To achieve this, a strand each of charcoal and white yarn are held double and worked in garter stitch for the majority of this bottom-up sweater. The white yarn is separated out where required and worked akin to stranded colourwork in stocking stitch to produce that pop of single colour. Because you are always carrying both colours around, you have both colours available to use individually at all times. The density of the fabric changes little, as the yarn is always double thickness thanks to the floats behind the colourwork section.
The Humboldt sweater, using Anna’s Marlisle technique. Incidentally, this picture also shows one of Anna’s other Instagram interests: matching yarns to old cars
Tom: last but not least, where can people buy the book, and find out more about what you are up to?

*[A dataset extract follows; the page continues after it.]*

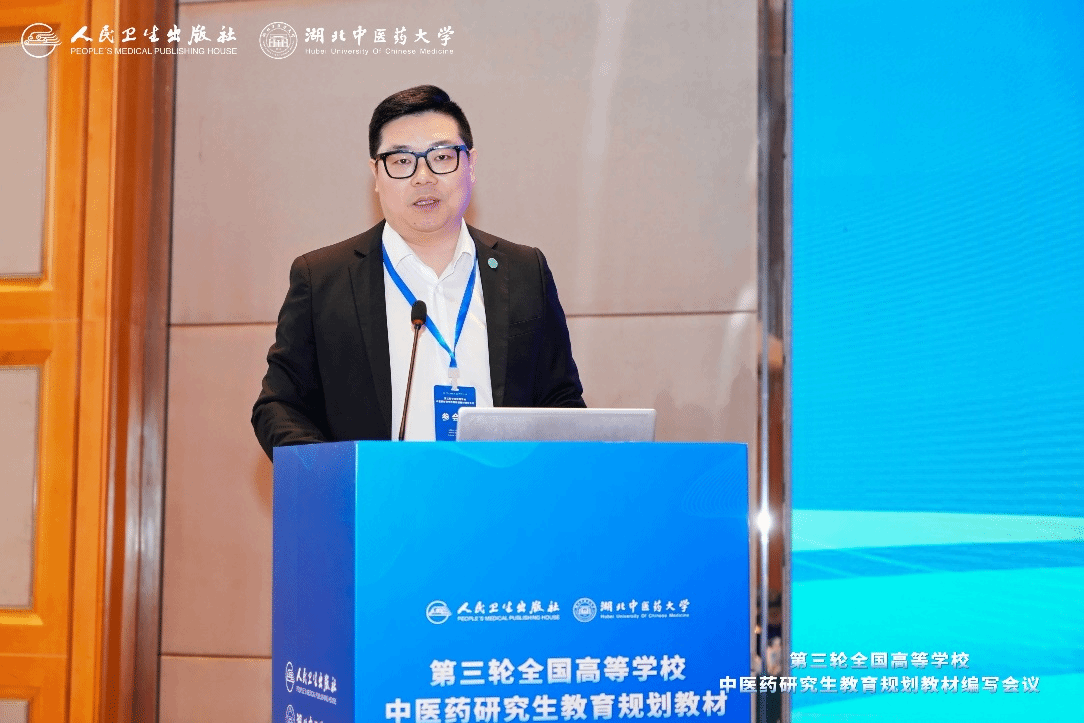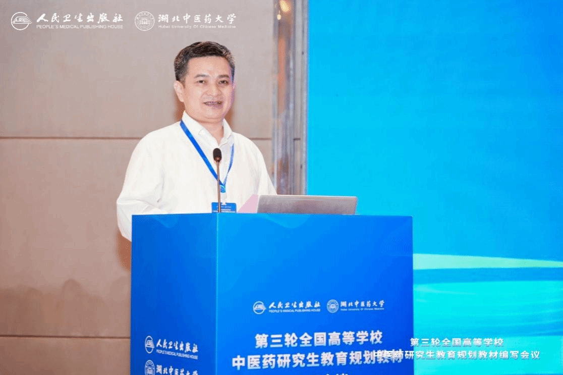 刘松林在致辞中首先代表学校向人民卫生出版社、省教育厅、省卫健委、省中医药管理局对我校教材编写工作的信任和支持表示诚挚感谢,对参加会议的专家学者表示热烈欢迎,并介绍了学校基本情况以及研究生教育成果。刘松林指出,教材是培养高层次人才的重要载体。人民卫生出版社对中医药院校研究生培养工作作出了重要贡献。学校将全力做好教材编写服务保障工作,并深化与兄弟院校及人民卫生出版社的交流合作,共同推动中医药研究生教育事业高质量发展。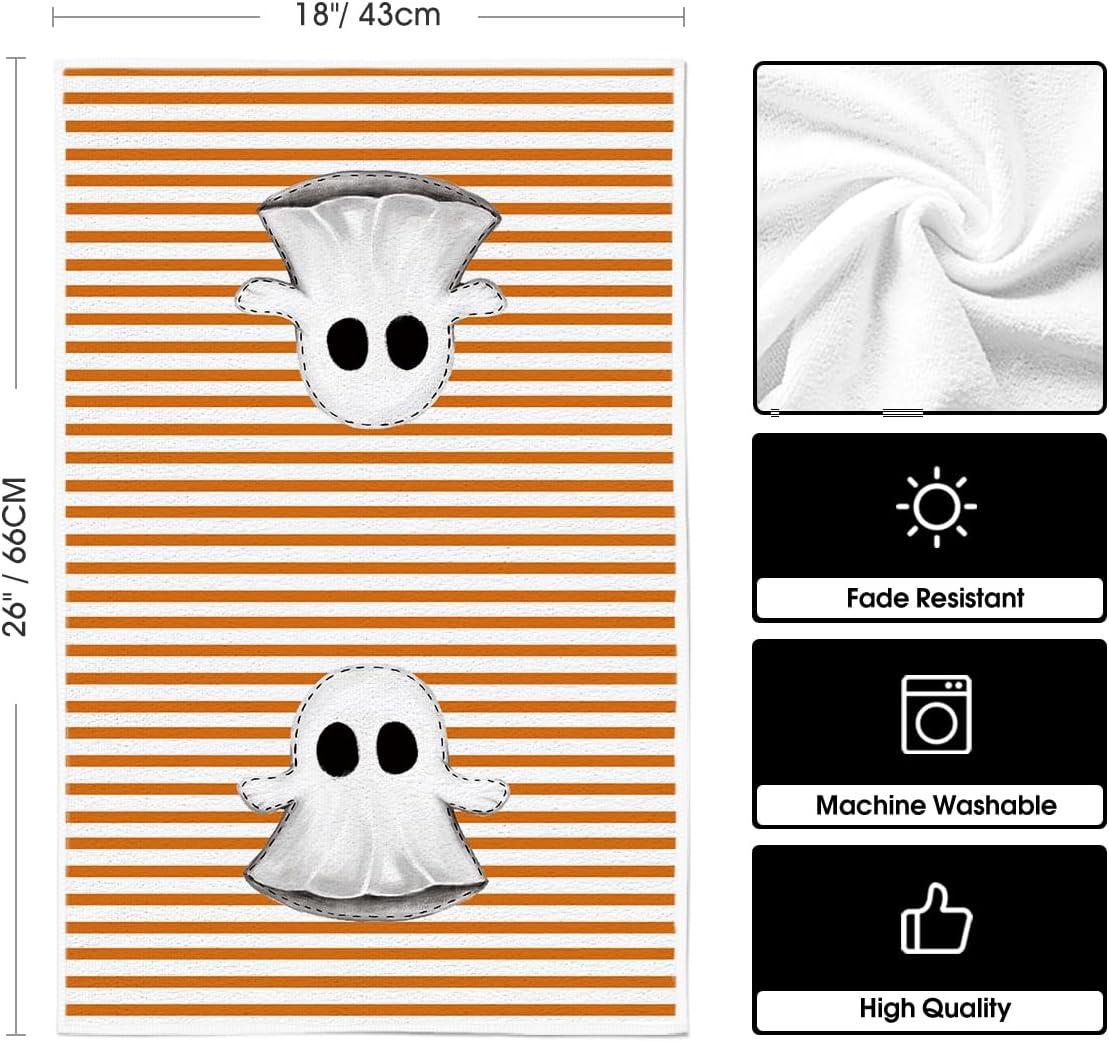 Artoid Mode Orange Stripes Ghost Boo Spooky Halloween Kitchen Towels Dish Towels, 18×26 Inch Bow Knot Decoration Hand Towels Set of 4(Orange)

Anna: it’s really lovely that a growing number of yarn shops around the world are stocking my book. When you get a copy of the book, it comes with a special single use download code, so that you can keep a PDF copy on your computer or other electronic gadget – or print out certain pages, if you want to scribble on them like mad or crumple them in your project bag. For now the PDF is only available when you purchase the book, not as download only. I’m too excited about the fact that it’s a real live beautifully printed book to not want everyone to experience it that way.
If you want to keep abreast of what I’m up to, my website is a good place to start and links out to my instagram and sweaterspotter blog, which I use for outpourings that need to be covered in greater length and permanency than makes sense on instagram. You can of course also order the book, straight from me, through my website here.
Tom: thank you Anna, for a lovely chat!
And to show that Penguin, A Knit Collection, really has something for everybody, I’ll finish with a picture of Pinglewin, a cuddly toy penguin that can take its tuxedo off!
Pinglewin is the cutest penguin, and he can take off his tux!